# Data extract

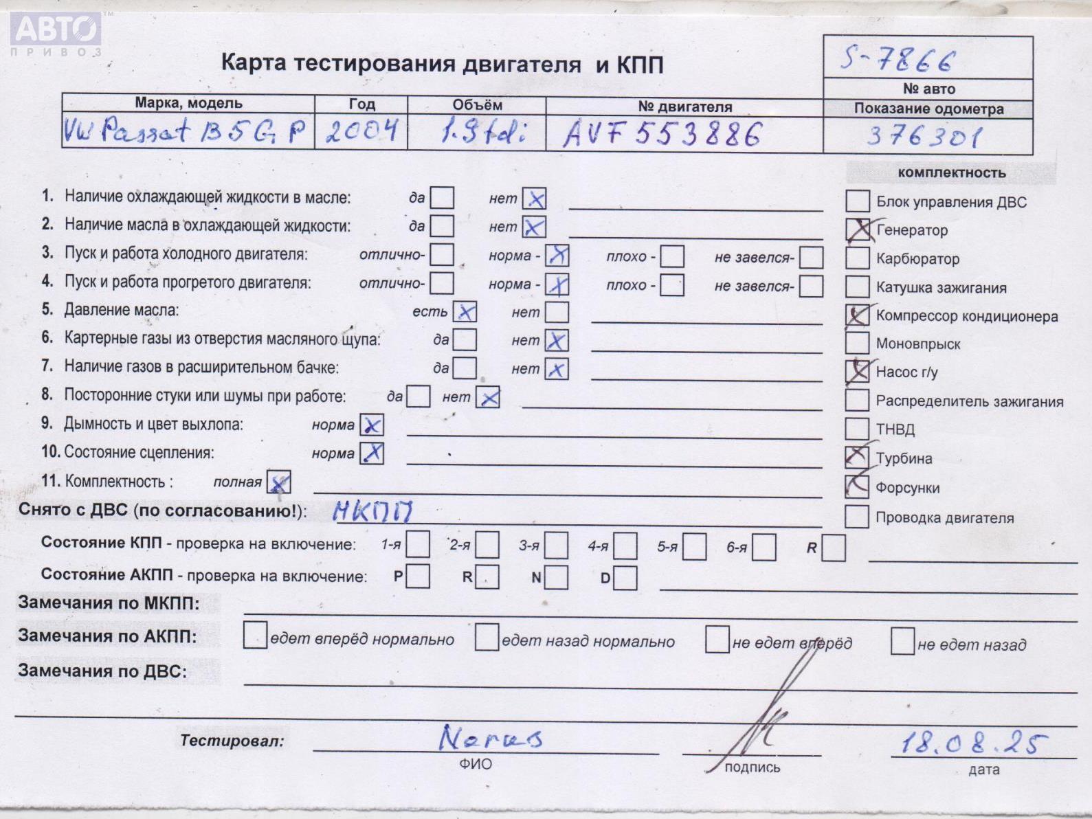 | Марка / Модель / Год: | Volkswagen Passat B5+ (GP) 2004 |
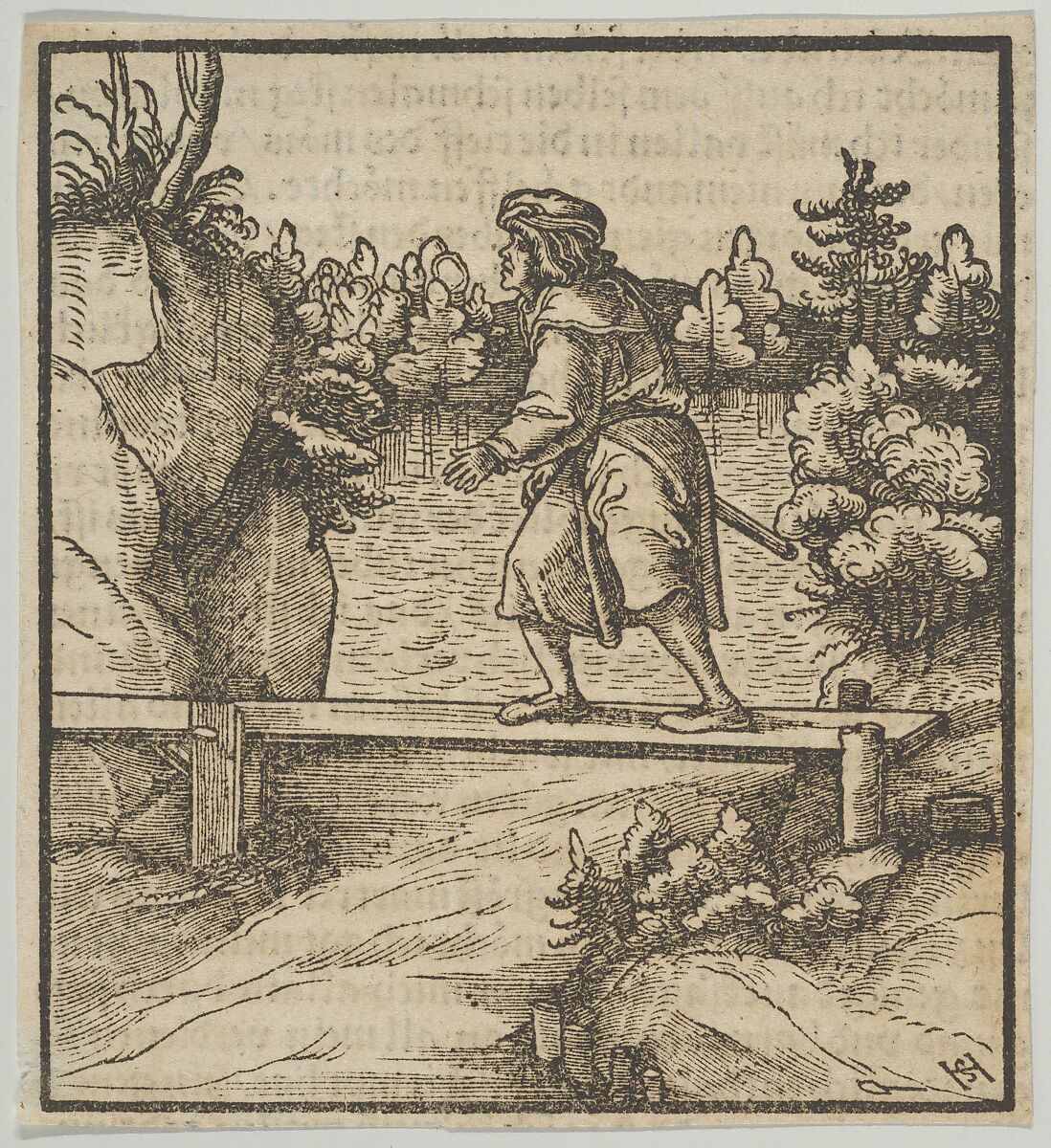 - Title: A Man Crossing a Small Bridge, from Hymmelwagen auff dem, wer wol lebt...
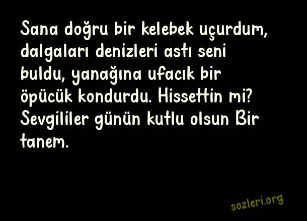 Sana doğru bir kelebek uçurdum, dalgaları denizleri astı seni buldu, yanağına ufacık bir öpücük kondurdu. Hissettin mi? Sevgililer günün kutlu olsun Bir tanem. ( 2021 Sevgililer Günü )
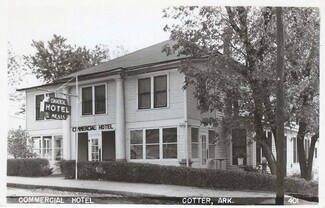 Opportunity here for an exciting “Encore Career”! You’ve retired, traveled, started hobbies. Or are you just starting out and want a true turn key business. Business skills you have earned during a lifetime, sitting on a shelf. This turnkey, owner operated opportunity is waiting in Historic Cotter Arkansas. Fly fishing trout capital of the world, year-round visitors from all over the world. Rehabbed to original glory a 1903 hotel has on main a volume ceiling in lobby, 3 en’suite guest room. Central room has picnic tables and comfy furniture, enjoy a meal or just relax. Cooks’ kitchen is amazing, commercial gas stove and refrigerator, workspace on stone counters. State-of-the-art laundry, multiple storage rooms fully stocked with supplies and linens. The second floor has 3 full baths, 9 rooms, flat screens & split systems. Fire pit and grill in yard, guest parking. Hotel is booked into 2026!Family, corporate, vacation rental, wedding venue, resort. Minutes to White River, in entertainment district, all inventory conveys with this unique opportunity!
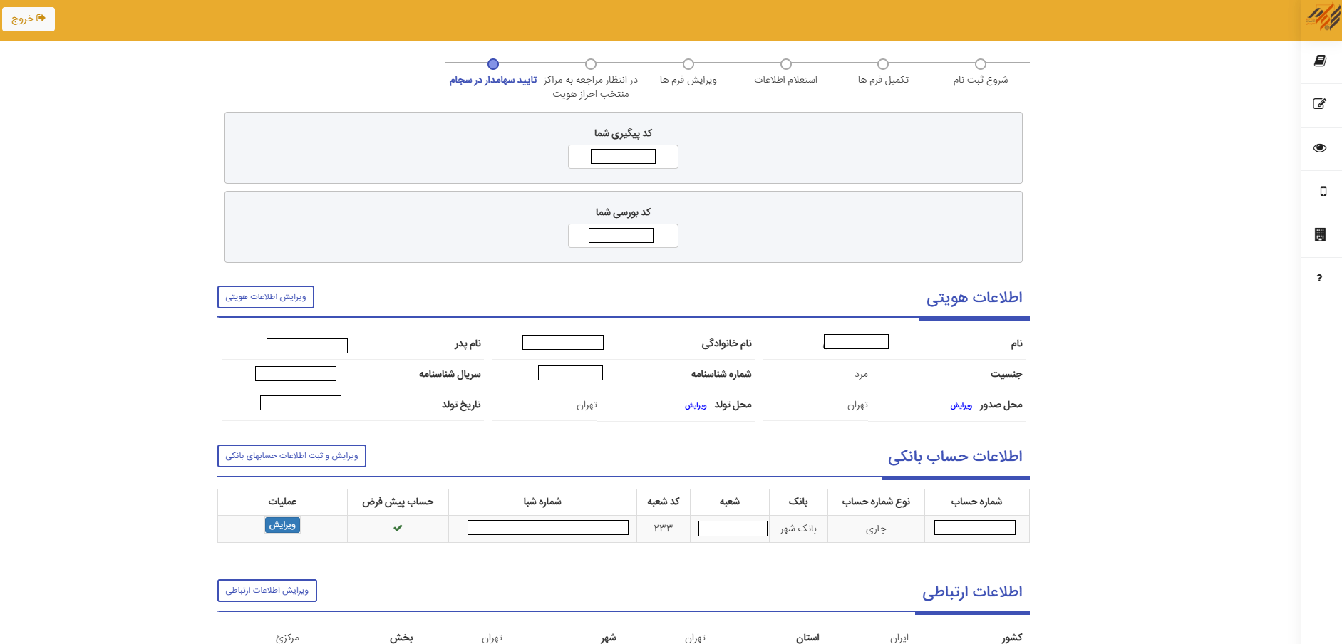 (در صورتیکه احراز هویت با موفقیت انجام شود، بعد از دریافت پیامک احراز هویت، کد بورسی نیز در قالب پیامک ارسال خواهد شد)
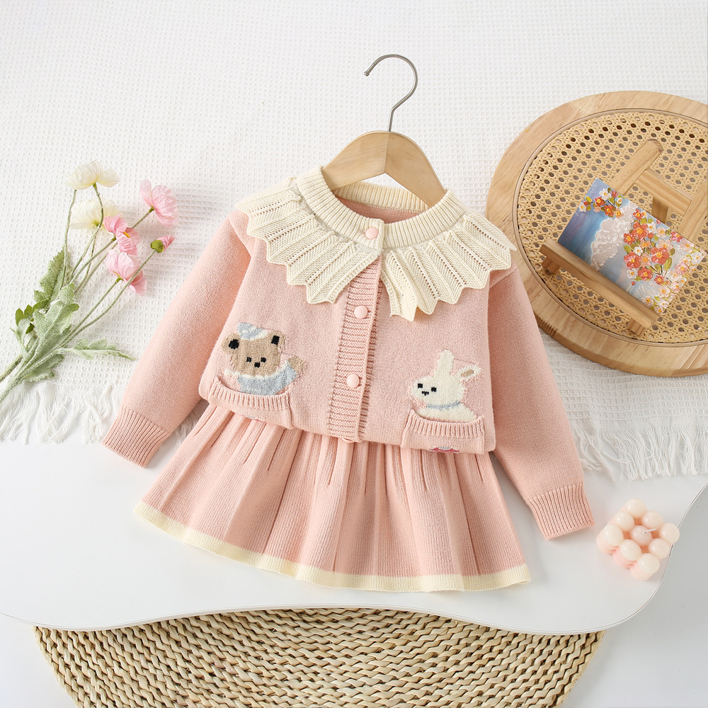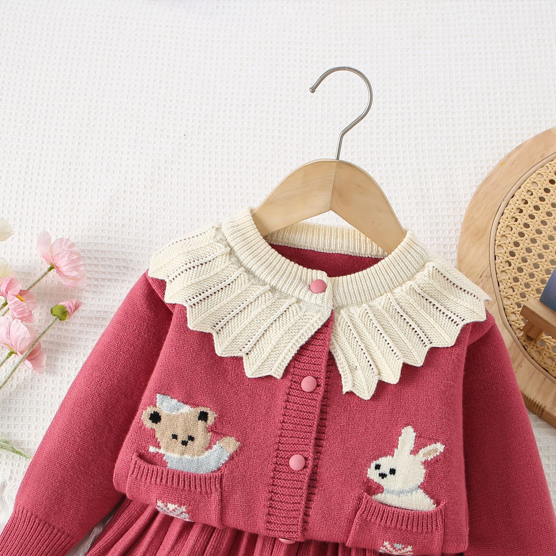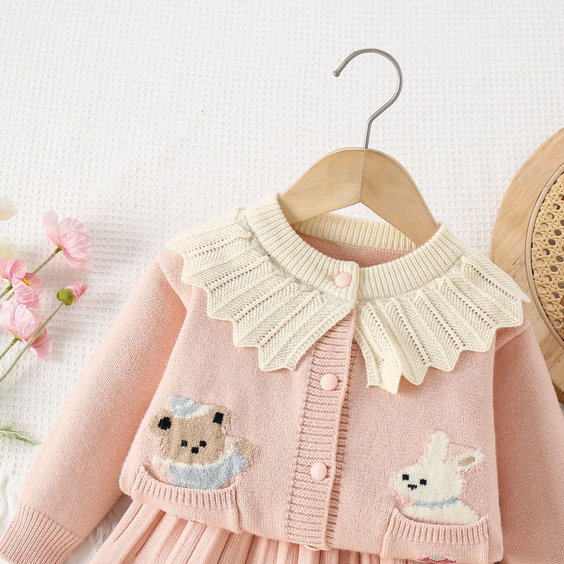 소녀 스웨터 가을, 겨울 새로운 한국 스타일 만화 귀여운 토끼 모직 코트 곰 어린이 니트 카디건

# Task statement
Print out the complete listing above exactly, dropping each image.

# Completed task
 | Марка / Модель / Год: | Volkswagen Passat B5+ (GP) 2004 |
 - Title: A Man Crossing a Small Bridge, from Hymmelwagen auff dem, wer wol lebt...
 Sana doğru bir kelebek uçurdum, dalgaları denizleri astı seni buldu, yanağına ufacık bir öpücük kondurdu. Hissettin mi? Sevgililer günün kutlu olsun Bir tanem. ( 2021 Sevgililer Günü )
 Opportunity here for an exciting “Encore Career”! You’ve retired, traveled, started hobbies. Or are you just starting out and want a true turn key business. Business skills you have earned during a lifetime, sitting on a shelf. This turnkey, owner operated opportunity is waiting in Historic Cotter Arkansas. Fly fishing trout capital of the world, year-round visitors from all over the world. Rehabbed to original glory a 1903 hotel has on main a volume ceiling in lobby, 3 en’suite guest room. Central room has picnic tables and comfy furniture, enjoy a meal or just relax. Cooks’ kitchen is amazing, commercial gas stove and refrigerator, workspace on stone counters. State-of-the-art laundry, multiple storage rooms fully stocked with supplies and linens. The second floor has 3 full baths, 9 rooms, flat screens & split systems. Fire pit and grill in yard, guest parking. Hotel is booked into 2026!Family, corporate, vacation rental, wedding venue, resort. Minutes to White River, in entertainment district, all inventory conveys with this unique opportunity!
 (در صورتیکه احراز هویت با موفقیت انجام شود، بعد از دریافت پیامک احراز هویت، کد بورسی نیز در قالب پیامک ارسال خواهد شد)
 소녀 스웨터 가을, 겨울 새로운 한국 스타일 만화 귀여운 토끼 모직 코트 곰 어린이 니트 카디건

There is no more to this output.